Потом было освобождение "советской земли от захватчиков", твоего брата (и моего дядюшку) взяли в армию для того, чтобы он полной мерой рассчитался с захватчиками и, по совместительству, со своими недавними работодателями. Бывали такие анекдоты в то время.

Твой брат был убит в бою, и никто не знает где и когда. Это наше, родное.

* * *

Однажды репатриантам объявили, что их будут перевозить в другое место. Ближе к пункту репатриации:

"…а потому мы вас просим оставить место вашего пребывания в порядке. Сюда, в ваши бараки, придут другие репатрианты, ваши соотечественники, им здесь какое-то время придётся жить"

Остановись, читатель! Закрой глаза, не смотри на следующую строчку в тётушкиных записях, попробуй догадаться о том, что она могла написать далее? Получилось? Умница!

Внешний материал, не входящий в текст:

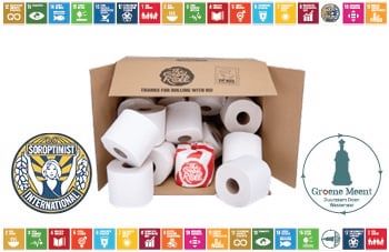 Met de actie ondersteunden we in “een veeg” de Global Goals ‘leven op aarde’ (15), ‘gendergelijkheid (5)’ ‘schoon water en sanitair (6)’ en ‘partnerschap (17)’. Want het wc-papier is 100% gerecycled en in Europa gefabriceerd. Er worden hiervoor dus geen bomen gekapt.
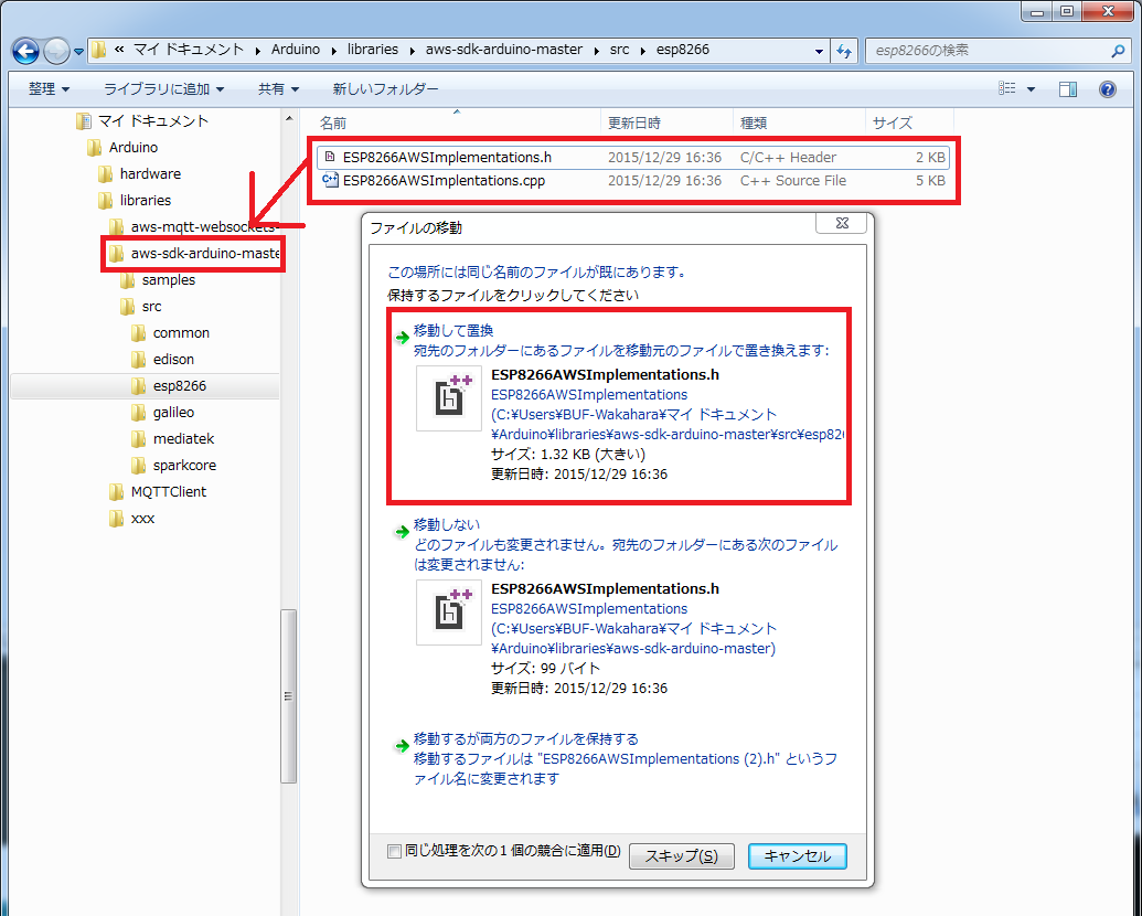aws-sdk-arduino は 同じくlibraries ディレクトリに保存しますが、 その後 src/common と src/esp8266 を aws-sdk-arduino のディレクトリに上書きコピーします。
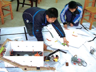 救援机器人是杨旭东和两名队友合作完成的,在洪老师的带领下,洪文杰、黄亚军和杨旭东组成三人团队,由杨旭东出任队长。洪老师告诉小编,三人的动手能力都很强,平时就喜欢做些小东西,一有空就到学校实验室,对着机器人图纸琢磨,变形金刚、奥特曼等都是他们特别喜欢的动画形象。尤其是杨旭东,他可是一个狂热的机器人迷哦。
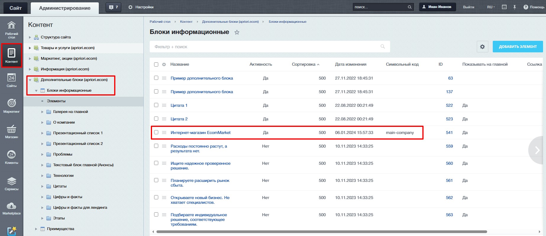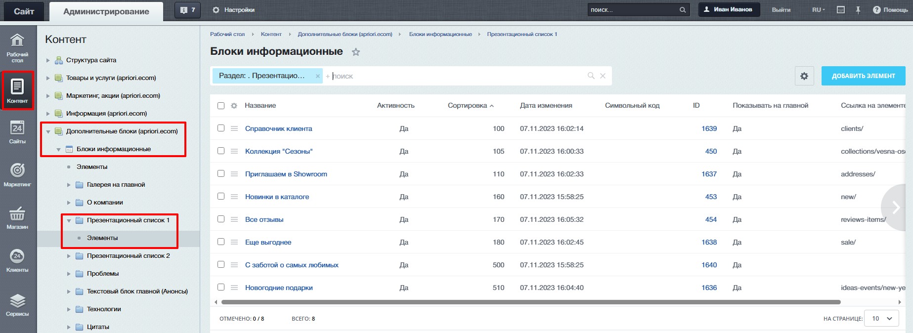 - деактивировать лишние элементы или разделы в инфоблоках;
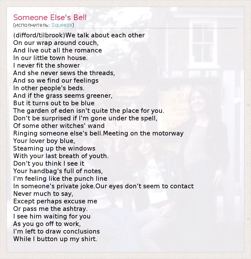 А как ты думаешь, о чем песня "Someone Else's Bell" ?
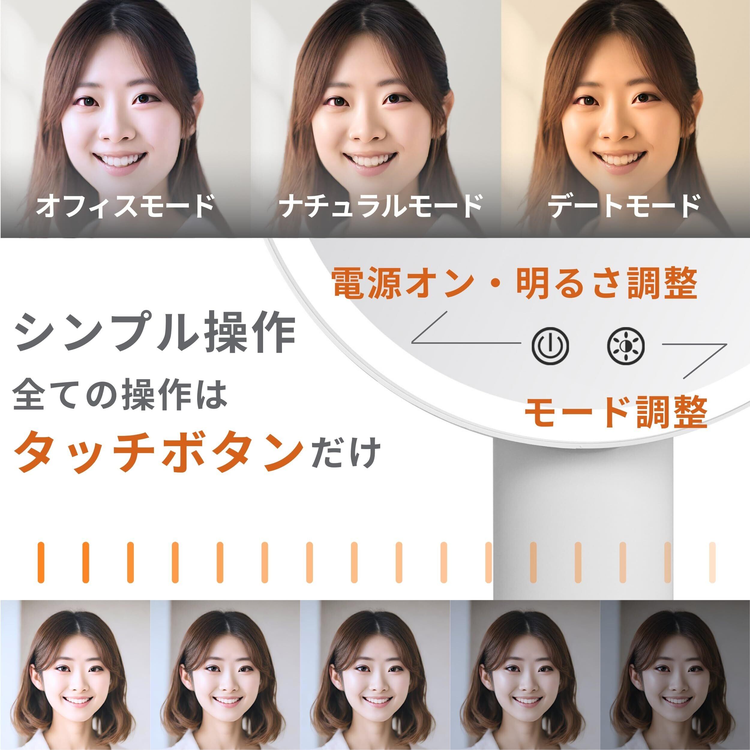 【かわいい・多機能】ポール型のスタンドミラーでオフホワイト、ソリッドピンクの2色、おしゃれでかわいい外観としました。明るさ無段階調光 3光色(昼光食/昼白色/電球色)、リチウムイオンバッテリーなど、卓上ミラーを楽しくご利用頂ける機能を搭載しました。
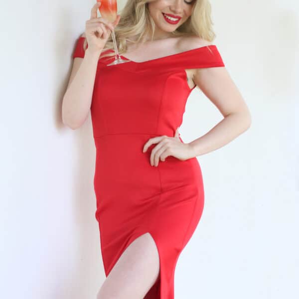 Bello Vestido corte sirena con hombro escotados y abertura en la pierna
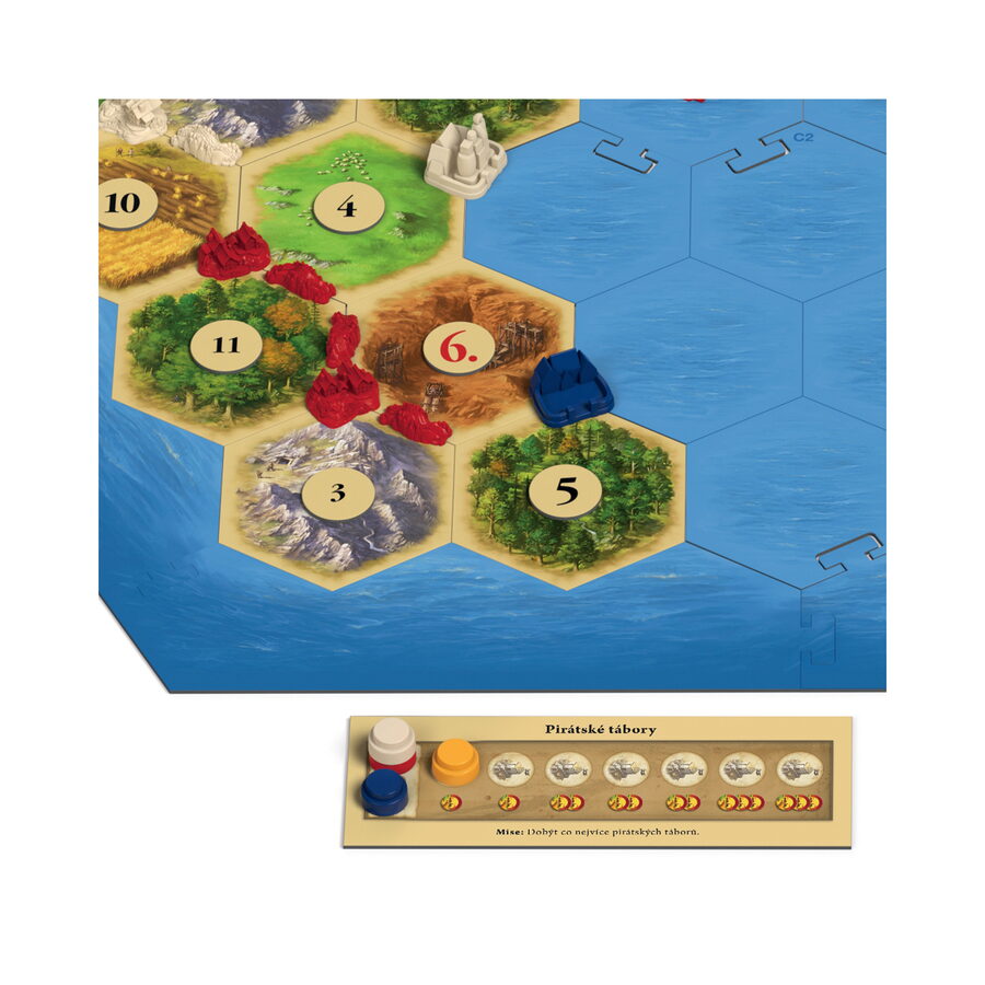Rozšíření hry Catan, ve kterém hráči objevují ostrovy, zakládají vesnice, dobývají pirátské tábory, loví ryby a obchodují s kořením. Hru nelze hrát samostatně a je potřeba vlastnit základní hru Catan - Osadníci z Katanu. Rozšíření obsahuje: 24 dílů pevniny, 11 dílů moře, 14 dílů rámu, 12 žetonů s čísly, 6 pirátských táborů, 3 stupnice misí, 3 destičky mimořádných bodů, 76 mincí, 88 hráčských figurek, 6 figurek rybích hejn, 24 figurek pytlů koření, 4 přehledy stavebních nákladů a pravidla hry v češtině a slovenštině.

"… не тут-то было! Наши русские свиньи и погромщики сами себя не уважают, но ждут уважения от других. Очень мечтают! О каком авторитете речь вести!? Ну и показали: всё, что можно было разбить — разбили. Электролампы в светильниках не оставили целыми, побили окна, посуду, поломали топчаны, на которых спали, порвали занавески. До слёз просила не делать этого, а потом стала кричать! Да что могла одна сделать с двадцати девятью молодыми стервами? Был среди погромщиков техник один, говорю ему:

— Будь я проклята, если очень скоро вы не вспомните этот разгромленный барак! Три года он вам служил, а вы с ним так обошлись! — а тот только ухмылялся поганенькой ухмылкой"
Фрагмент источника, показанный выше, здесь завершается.